Market segments matter. Every company views its market differently. In each of those market segments, the buying job is different even if they have the same roles. We are working on providing content that is more nuanced in those segments and bringing more personalized insights to these people. 

How have feelings changed or stayed the same as it relates to the “new normal”?

Gina: Back in April, I was pumped not to have to wear makeup and loved Zoom happy hours. 

I’m still pumped about no makeup as I never liked it, it’s the tomboy in me. Zoom happy hours are now fatiguing. People recognize connecting is important and we have to figure out a way to do that somehow. For example, during a recent team happy hour, we invited some musicians to play and sing holiday music. So we still got to be together, to enjoy an experience together, but people could share it with their kids and their partners, and mute their mics and just relax and listen.

I’m always reflective this time of year, even though this year is unlike any other. I think of silver linings. I’m proud that we navigated this year together. Our business is still healthy, our people are still showing up and doing their thing because they are passionate about the success of our customers.

People got us through this year―their grit and resilience are amazing. I don’t know what will happen in 2021 but I think we have weathered the worst of it. And I believe our people will continue to show up.
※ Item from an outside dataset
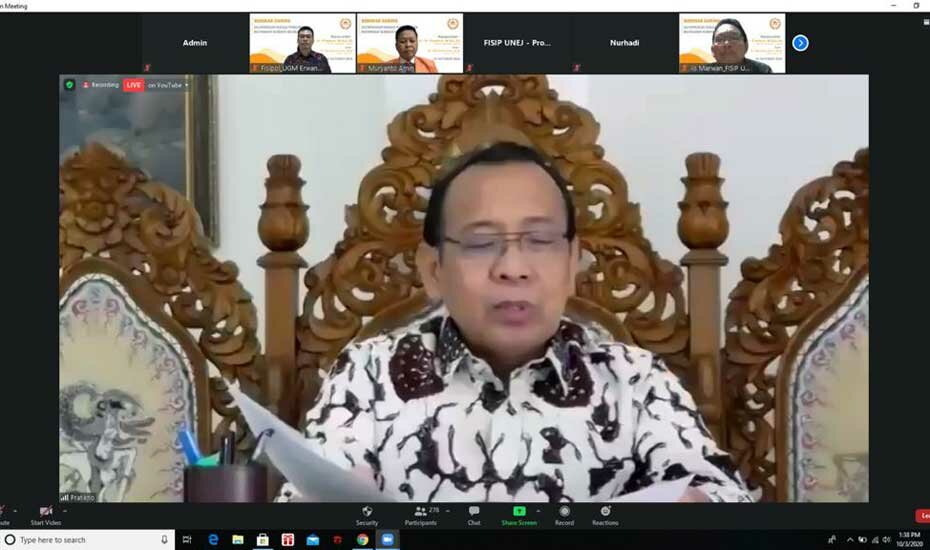 Ketua Fordekiis, Armit Arsyad dalam sambutannya mengatakan bahwa forum yang merupakan wadah kerjasama antara dekan-dekan ilmu sosial menyajikan webinar dengan materi yang sangat menarik dan relevan dengan kondisi Indonesia saat ini, sehingga perlu diikuti dengan baik.

As the year closes out, what is LogicGate focusing on? What will be our focus going forward? 

Matt: Right now, we have two primary areas of focus―closing out this year strong and planning what we are going to do in 2021 in terms of strategic plan and vision. Gina is running this process through a corporate level planning framework called V2MOM―vision, values, methods, obstacles, and measures. At the corporate level, what do we want to accomplish in 2021? We remain customer-centric, thinking about what we can do as an organization to help serve our customers, continuing to build trust with our customers so they can build trust with their own customers.

This is one way we’re setting ourselves up for success—plan the work so that we can work the plan over the course of the year. We think about what will make customers happy and successful so, as a byproduct, our business can also be happy and successful from a financial perspective which we can then reinvest in the business. This leads to opportunities for our employees to grow. It’s a virtuous cycle of doing business if we do it right. 
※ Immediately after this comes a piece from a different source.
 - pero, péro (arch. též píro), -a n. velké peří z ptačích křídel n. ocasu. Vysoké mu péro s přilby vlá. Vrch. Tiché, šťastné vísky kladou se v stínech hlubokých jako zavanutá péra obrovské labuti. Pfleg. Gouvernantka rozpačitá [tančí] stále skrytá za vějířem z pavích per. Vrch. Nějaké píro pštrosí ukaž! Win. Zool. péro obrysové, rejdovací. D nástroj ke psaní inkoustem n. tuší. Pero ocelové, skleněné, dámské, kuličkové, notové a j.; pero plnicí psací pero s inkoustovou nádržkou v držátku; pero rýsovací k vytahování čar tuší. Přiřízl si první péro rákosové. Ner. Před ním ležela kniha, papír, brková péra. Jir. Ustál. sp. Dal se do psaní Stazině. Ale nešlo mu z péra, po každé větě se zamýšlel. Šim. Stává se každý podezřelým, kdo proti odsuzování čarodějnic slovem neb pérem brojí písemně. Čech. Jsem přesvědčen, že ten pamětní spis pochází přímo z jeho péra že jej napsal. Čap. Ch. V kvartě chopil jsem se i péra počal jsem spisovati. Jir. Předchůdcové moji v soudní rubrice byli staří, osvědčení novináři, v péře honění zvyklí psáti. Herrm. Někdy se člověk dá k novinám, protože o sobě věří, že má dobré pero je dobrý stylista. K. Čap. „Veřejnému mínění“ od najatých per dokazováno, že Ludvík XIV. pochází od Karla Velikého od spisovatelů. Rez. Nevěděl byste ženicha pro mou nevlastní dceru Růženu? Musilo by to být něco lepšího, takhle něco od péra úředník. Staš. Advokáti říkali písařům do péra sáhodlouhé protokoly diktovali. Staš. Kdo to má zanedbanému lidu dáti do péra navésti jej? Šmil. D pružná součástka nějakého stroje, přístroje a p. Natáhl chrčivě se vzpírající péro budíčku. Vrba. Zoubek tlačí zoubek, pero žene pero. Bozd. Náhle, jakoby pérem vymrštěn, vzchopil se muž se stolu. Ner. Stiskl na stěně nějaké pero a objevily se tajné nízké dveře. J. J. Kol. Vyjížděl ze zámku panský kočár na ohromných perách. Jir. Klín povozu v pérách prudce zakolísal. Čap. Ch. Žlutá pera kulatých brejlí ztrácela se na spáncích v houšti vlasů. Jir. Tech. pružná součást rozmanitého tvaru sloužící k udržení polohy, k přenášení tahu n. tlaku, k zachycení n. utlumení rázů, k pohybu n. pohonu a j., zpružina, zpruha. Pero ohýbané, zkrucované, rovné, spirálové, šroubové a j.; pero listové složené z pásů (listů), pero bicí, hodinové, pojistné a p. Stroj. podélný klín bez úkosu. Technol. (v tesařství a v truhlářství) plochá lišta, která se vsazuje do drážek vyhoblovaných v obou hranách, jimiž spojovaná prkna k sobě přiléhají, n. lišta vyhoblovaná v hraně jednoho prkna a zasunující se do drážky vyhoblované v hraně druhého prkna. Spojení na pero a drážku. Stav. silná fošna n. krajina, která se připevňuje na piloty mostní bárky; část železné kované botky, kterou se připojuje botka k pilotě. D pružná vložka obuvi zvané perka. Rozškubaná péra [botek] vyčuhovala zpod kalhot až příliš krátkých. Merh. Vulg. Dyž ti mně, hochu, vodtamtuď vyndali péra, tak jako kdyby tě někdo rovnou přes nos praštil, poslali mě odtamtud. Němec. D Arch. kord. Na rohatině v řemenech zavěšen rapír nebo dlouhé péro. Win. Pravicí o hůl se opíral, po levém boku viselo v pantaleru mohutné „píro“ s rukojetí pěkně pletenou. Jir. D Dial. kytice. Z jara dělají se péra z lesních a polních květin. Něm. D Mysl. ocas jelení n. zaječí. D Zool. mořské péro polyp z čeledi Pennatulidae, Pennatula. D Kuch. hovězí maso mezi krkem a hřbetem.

We have laid a great foundation and if we can weather this in the way that we did from a business perspective, customer perspective, and employee perspective, I am very bullish on our ability to do and get through almost anything. If we did what we did in 2020, imagine what we are going to do in 2021. We didn't just survive this past year, we thrived. I'm really excited about what 2021 holds. 

Finally, I’m not looking forward to any more Zoom happy hours, but in-person happy hours of which there will be many when we can do that again.